** Records for this task follows **
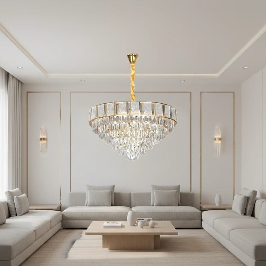 نجف كريستال فاخر بتصميم مودرن أوروبي، يجمع بين بريق الكريستال ودفء التشطيب الذهبي. يخلق إضاءة متوازنة ومميزة تعزز من أجواء الغرف وتضفي طابعًا أنيقًا على الديكور.
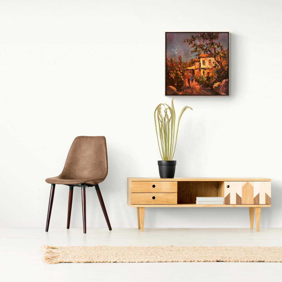 Nostalji Kokan Eski Köy Evleri Yağlı Boya Tablosu
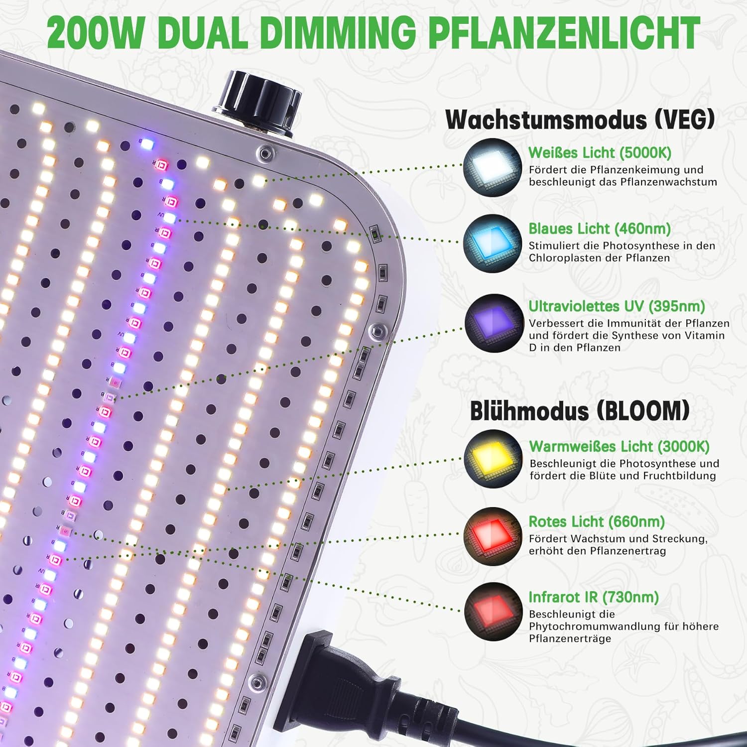 - 【200W Dual Dimmable Plant Light】LED pflanzenlampe, das volle Spektrum des 200W Pflanzenlichts (460-660nm, 3000-5000K, 395-730nm) ist perfekt für das Pflanzenwachstum und die Blüte, um jede Phase des Pflanzenzyklus zu berücksichtigen. Die beiden
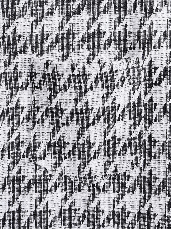Men's Casual Houndstooth Pattern Short-Sleeve Shirt with Plaid Weave
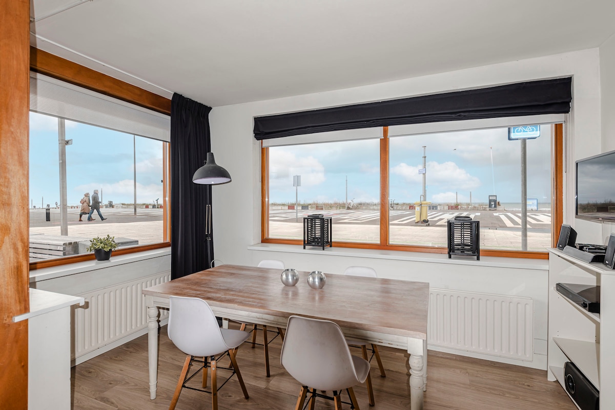 The apt. (40m2) is located right in front of the beach and next to the dunes. From your appartment you have a breathtaking view over the sea. It will comfortably fits 2 and is completely new, finished in June 2021. Cozy living room with TV, fully equipped kitchen, comfortable king size bed, perfect WIFI and nice bathroom. You have a private parking spot right next to the apt, as well as a private terrace with dining table and comfy beach chairs. Your dog is very welcome, we allow only 1 dog.
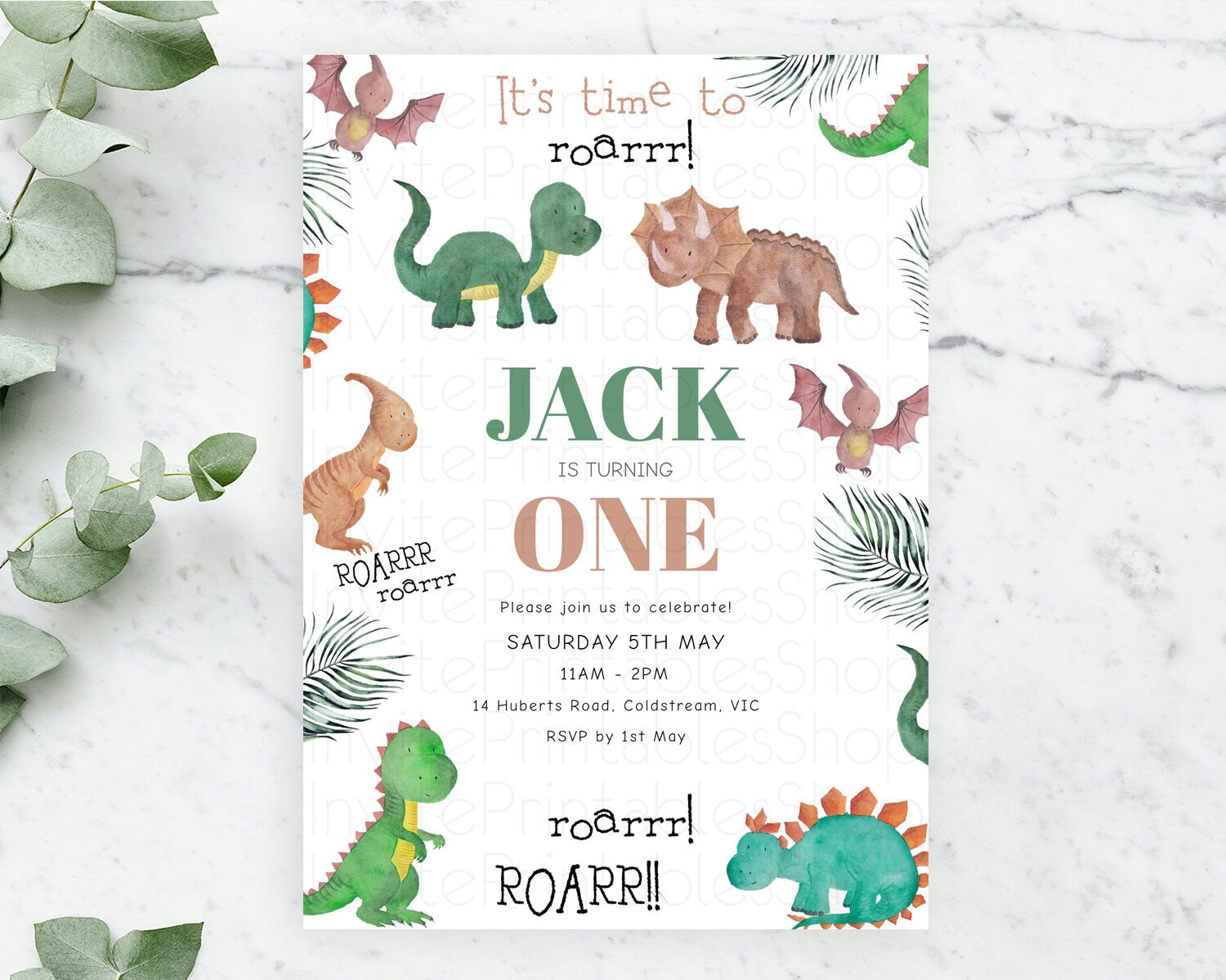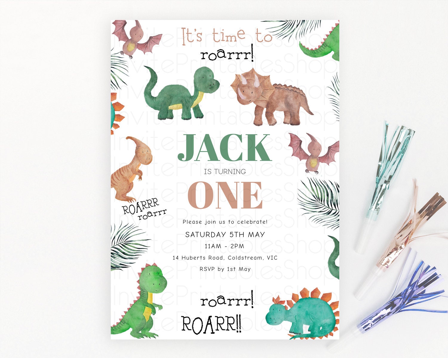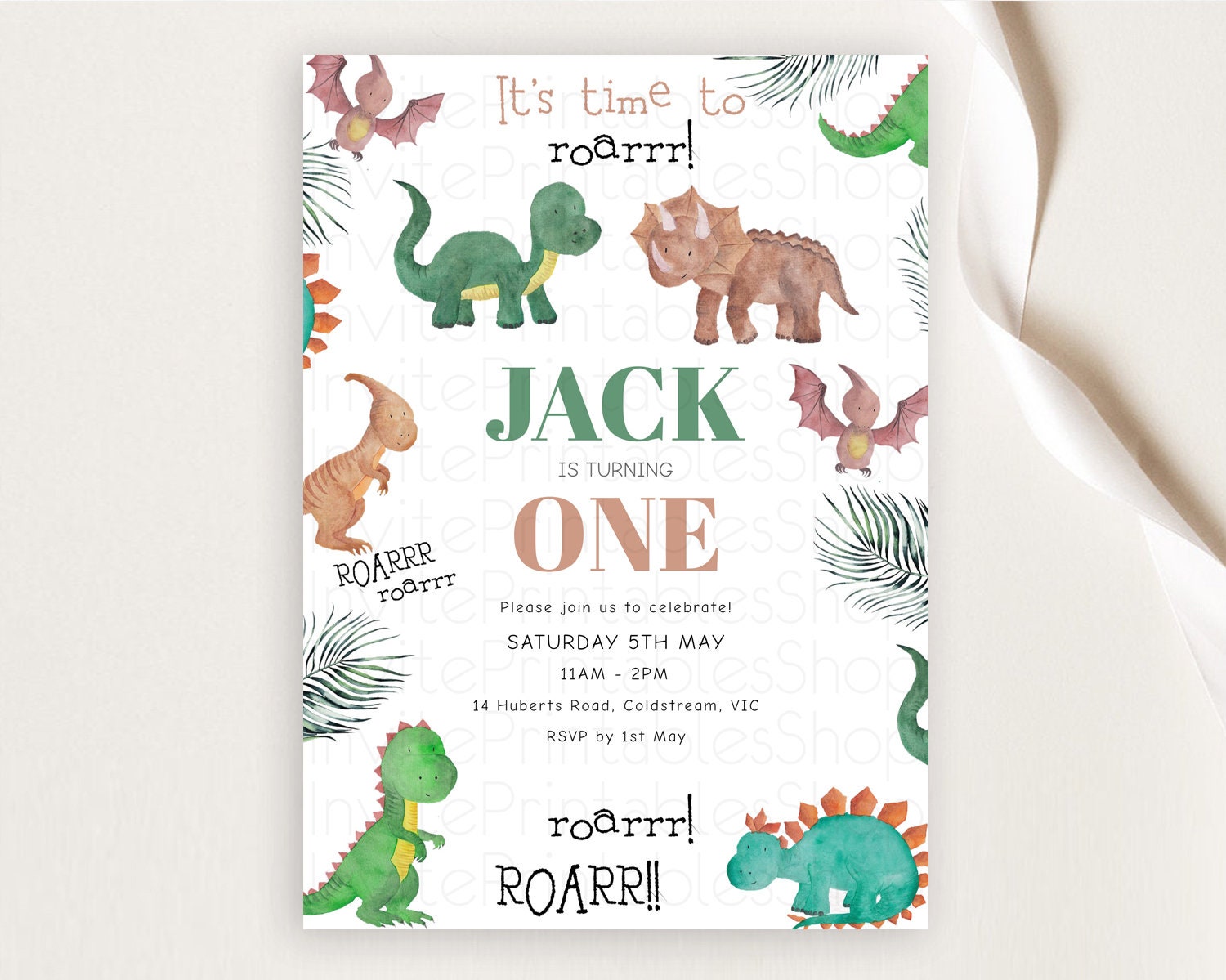 Dinosaur Birthday Invitation Dinosaur Volcano Invitation Watercolor Dinosaur Volcano T-Rex Raptor Jurassic 1st 2nd 3rd Birthday D10153
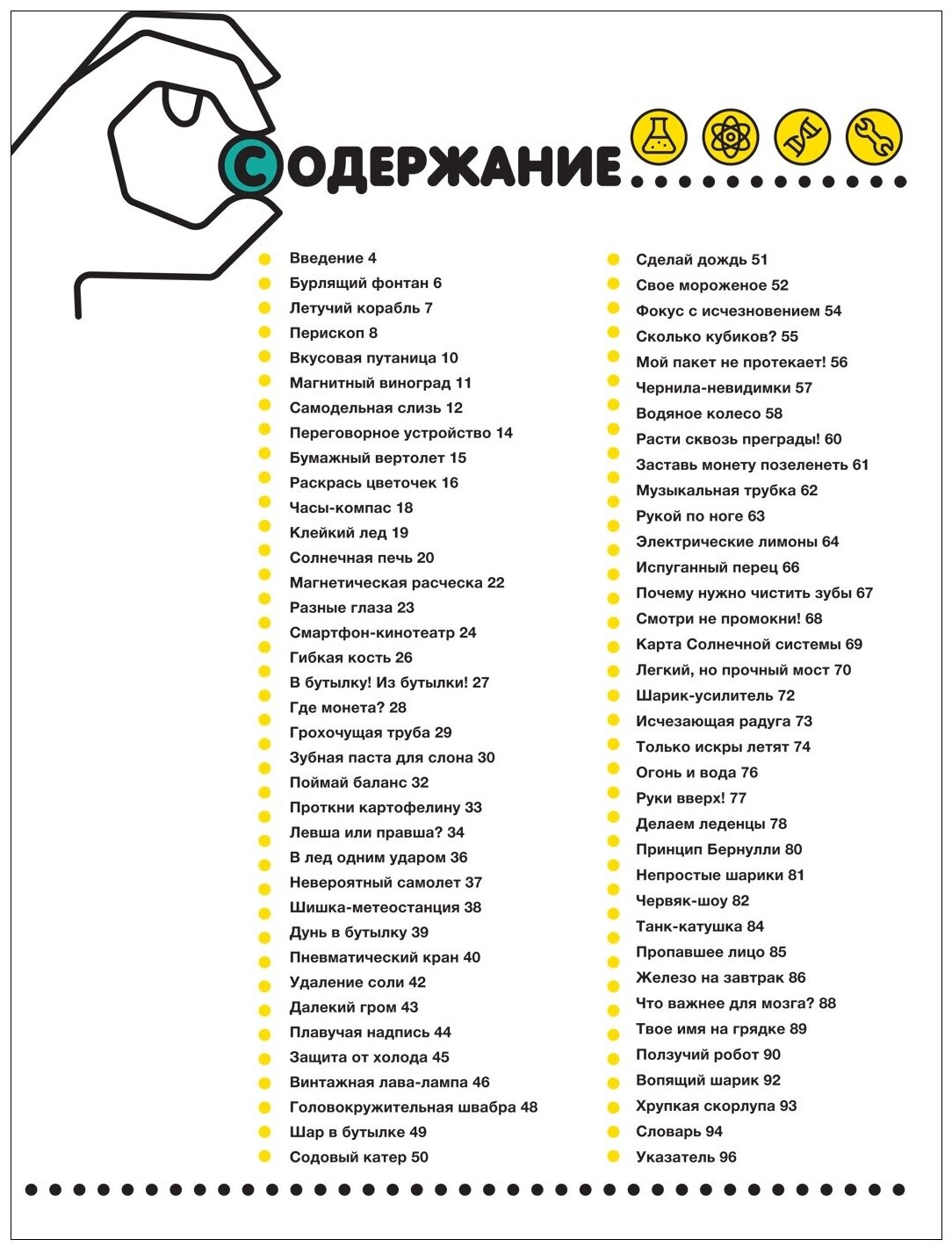Оригинально оформленный сборник простых экспериментов, которые безопасно можно проводить в домашних условиях. С помощью этой книги родители и дети смогут наблюдать простейшие физические явления и химические реакции. Бурлящие фонтаны, снопы искр, солнечная микроволновка, электрический лимон, невидимые чернила, оптические иллюзии вот лишь некоторые из экспериментов, собранных в этой книге.
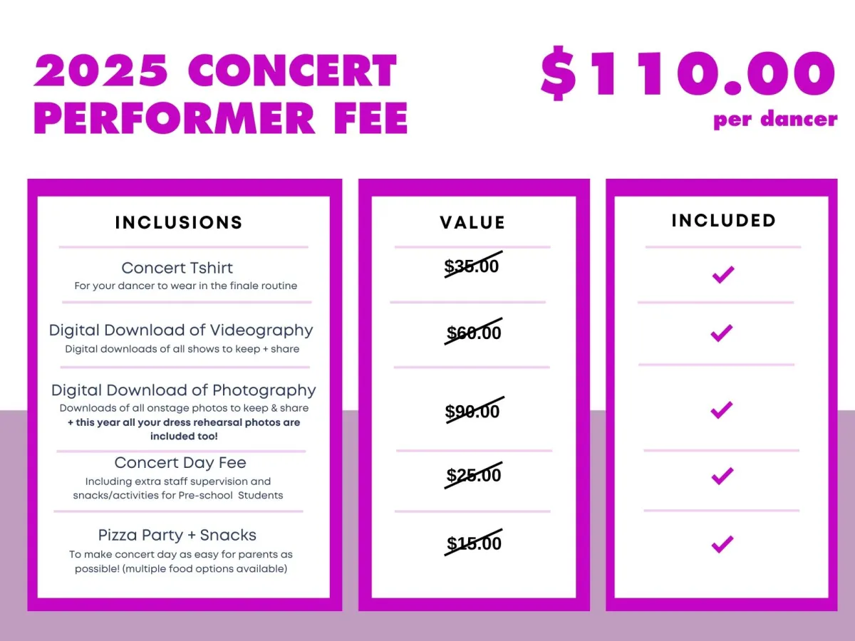 Your Concert Performer Fee helps us make concert day magical, organised, and enjoyable for every dancer and their family.
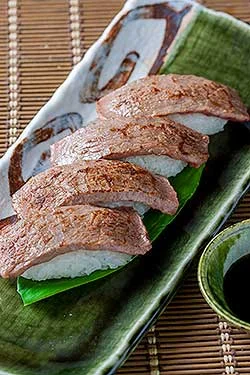 霜降り和牛炙りにぎり鮨ただいま 一貫 増量中四貫2,200円 (税込)お電話でもお気軽にご予約下さい。当日ご注文いただくこともできますご夫婦でけんかにならないように、4貫に増量しました。黒毛和牛の霜降りサーロイン部分を使う 【和牛のにぎり鮨】 を始めたのは、もう10年以上昔のことです。皆様からたくさんのご注文をいただいた人気商品ですが、時々、ご夫婦様から 「料金を割り増しして、霜降り和牛のにぎり鮨を、4貫にしてもらえませんか?」 というご要望がありその都度、4貫 2,100円でご提供しておりました。角屋旅館では、団体様はご遠慮いただいており、お客様の90%はご夫婦様です。そんな、皆様のためには、やはり、3貫ではなく4貫が理想と判断して、現在、料金そのままで、4貫に変更しています。ご夫婦で仲良く楽しむことができます。お客様の喜びは、私たちの喜びです。
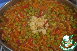 Снять с огня и добавить измельченный чеснок. Дать супу настояться под крышкой 10 минут.
** End of Records for this task **
Nothing but the lines from the one with "- 【200W Dual" to the one with "The apt. (40m2)" above, both included, should be transcribed, exactly and without pictures.

Solution to this exercise:
 - 【200W Dual Dimmable Plant Light】LED pflanzenlampe, das volle Spektrum des 200W Pflanzenlichts (460-660nm, 3000-5000K, 395-730nm) ist perfekt für das Pflanzenwachstum und die Blüte, um jede Phase des Pflanzenzyklus zu berücksichtigen. Die beiden
Men's Casual Houndstooth Pattern Short-Sleeve Shirt with Plaid Weave
 The apt. (40m2) is located right in front of the beach and next to the dunes. From your appartment you have a breathtaking view over the sea. It will comfortably fits 2 and is completely new, finished in June 2021. Cozy living room with TV, fully equipped kitchen, comfortable king size bed, perfect WIFI and nice bathroom. You have a private parking spot right next to the apt, as well as a private terrace with dining table and comfy beach chairs. Your dog is very welcome, we allow only 1 dog.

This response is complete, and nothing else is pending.